■ Problem requirements
Write out, word for word, each line from the start of the entries through the one holding "Este set para"; omit the pictures.

Collection entries:
Start of Block

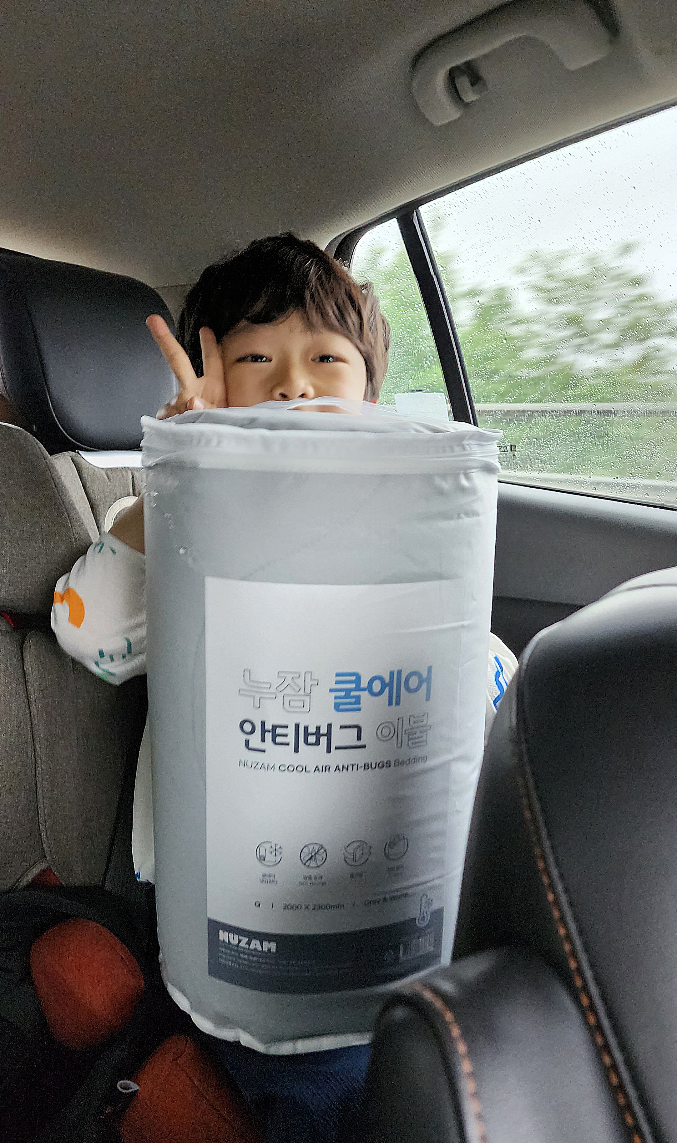 동글이가 여행갈 때도 누잠 쿨에어 이불 챙겨가겠다며 본인이 직접 들고 다녔어요.
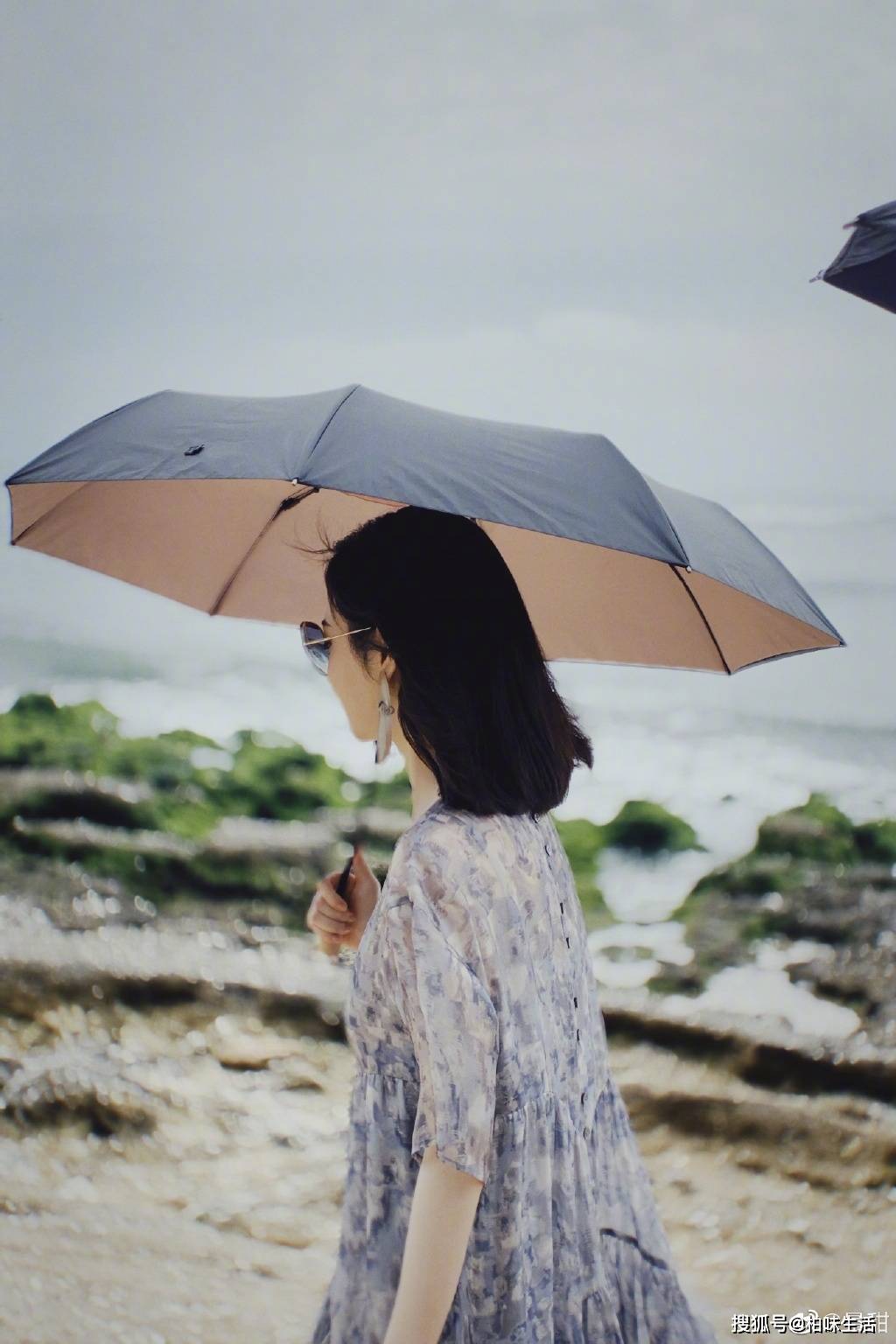 景甜穿碎花纱裙美丽大方一头短发飘逸灵动海边漫步气质优雅
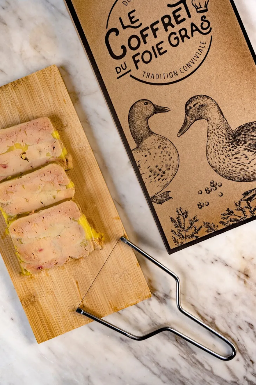 Este set para los amantes del foie incluye una lira y una tabla de madera para servir este producto. Lo recibirás en una caja muy original.
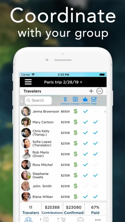 Invite you Travelers to Pro Travel Planner and see their statuses in real time. Travelers contributions can be set manually or on auto (evenly split) or based of the actual expenses detailed in the budget section. It's a really simple and easy way to avoid the awkward discussion about who owes what at the end of your trip...
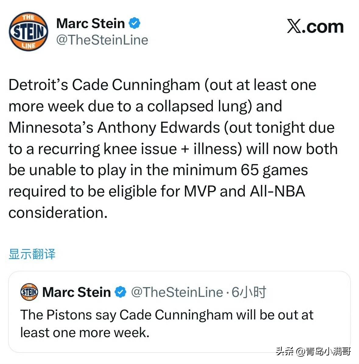 森林狼当家球星爱德华兹和活塞当家球星坎宁安很遗憾都将无缘本赛季末各大奖项的评选,因为他们的出战都不足64场,所以按照联盟规定,他们只能和这些奖项说拜拜了!
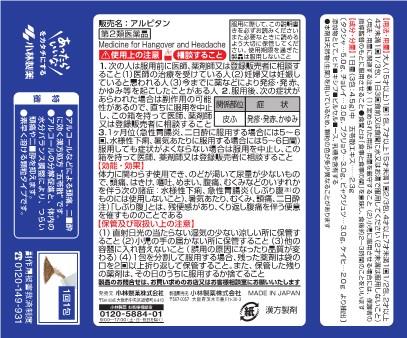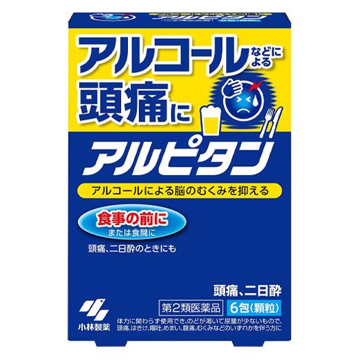 「小林製薬 アルピタン 6包」は、アルコールなどによる頭痛、二日酔に効く漢方処方「五苓散」です。アルコールの分解促進と、体内の水分バランス調整により、つらい頭痛や二日酔を抑えます。素早く溶ける顆粒タイプです。

End of Block

■ Result of this task
 동글이가 여행갈 때도 누잠 쿨에어 이불 챙겨가겠다며 본인이 직접 들고 다녔어요.
 景甜穿碎花纱裙美丽大方一头短发飘逸灵动海边漫步气质优雅
 Este set para los amantes del foie incluye una lira y una tabla de madera para servir este producto. Lo recibirás en una caja muy original.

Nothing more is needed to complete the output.